Current benchmark tests for large language models mostly focus on knowledge memory and pattern matching, lacking assessment of complex system understanding capabilities. Systems thinking (understanding stocks and flows, feedback loops, time delays, leverage points, and deep paradigms) is the key to distinguishing between "smart calculators" and "true understanders". The uniqueness of SystemsBench lies in that it is a living system capable of self-evolution rather than a static test set, applying systems thinking discipline to itself.

## Core Design Philosophy and Recursive Self-Improvement Mechanism of SystemsBench

### Core Design Philosophy
- **Inheriting Meadows' Theory**: The assessment is built around her system intervention hierarchy (especially the leverage point theory).
- **Five-dimensional Evaluation System**: Covers five dimensions: stocks and flows, feedback loops, time delays, leverage points, and paradigm reflection.
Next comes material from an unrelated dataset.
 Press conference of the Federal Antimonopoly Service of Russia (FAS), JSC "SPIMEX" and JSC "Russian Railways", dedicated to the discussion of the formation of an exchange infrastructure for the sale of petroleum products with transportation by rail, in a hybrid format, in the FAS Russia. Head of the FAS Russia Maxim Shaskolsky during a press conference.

### Recursive Self-Improvement Engine (SenseRun Ritual)
Nine-stage process: SENSE→CRITIQUE→RESEARCH→PROPOSE→REVIEW→APPLY→CALIBRATE→LOG→RECURSE.
- **Reversibility**: Each APPLY generates a Git commit, supporting clean rollback.
- **Governance Gating**: Cumulative changes are applied automatically, while structural changes require manual approval.
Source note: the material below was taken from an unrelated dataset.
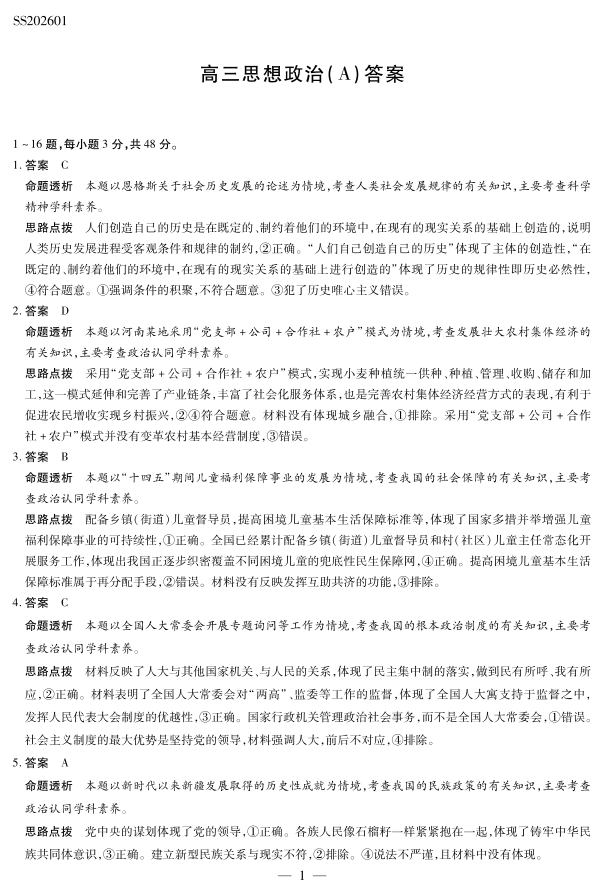 高三政治答案--陕西山西宁夏青海2026届高三学期1月四省联考

## Project Architecture and File Organization of SystemsBench

The codebase structure of SystemsBench embodies systems thinking:
- Documentation: SystemsBenchOnePage.MD (quick start), SystemsBenchStructure.MD (scoring system/question format), SystemsBenchEngine.MD (recursive engine), etc.
- Functional directories: engine/ (executable SenseRun engine), items/ (question bank), rubrics/ (scoring criteria), logs/runs/ (SenseRun logs), etc.
This structure serves as both a tool and a living textbook for systems thinking.

## Anti-Pollution Measures and Current Development Status of SystemsBench

### Anti-Pollution and Evaluation Integrity
- Transparent Annotation: Currently in v0.5.0 (Genesis+) research preview phase, the gold standard set is temporary (1/30, synthetic scorer), with honest annotations instead of false certifications; uncalibrated metrics are marked as UNCALIBRATED.
- Addressing Meta-Problems: Solving the "who evaluates the evaluators" problem through recursive self-application, maintaining humility and openness.

### Current Status
6 SenseRun log records have been completed, and it is in a rapid iteration phase, maintained by Outlier.Systems.

## Practical Significance and Community Participation Suggestions for SystemsBench

### Practical Significance
- **AI Developers**: Reveals how models "think", aiding in intelligent agent design (avoiding catastrophic failures), multi-agent coordination, and AI safety research (identifying blind spots).
- **Education**: Serves as a learning resource for systems thinking, demonstrating system dynamics principles.

### Suggestions
The project adopts an open-source model; community contributions are welcome to jointly promote the evolution of the framework.

## SystemsBench: The Shift from Static Testing to Dynamic Systems Thinking Evaluation

SystemsBench represents an important shift in large language model evaluation: from static knowledge testing to dynamic capability observation, from isolated metrics to holistic system understanding. Its value lies not only in what it measures but also in the way it measures and its evaluation philosophy of continuous self-improvement. In the era of rapid AI development, this attitude of self-reflection is more meaningful than specific scores.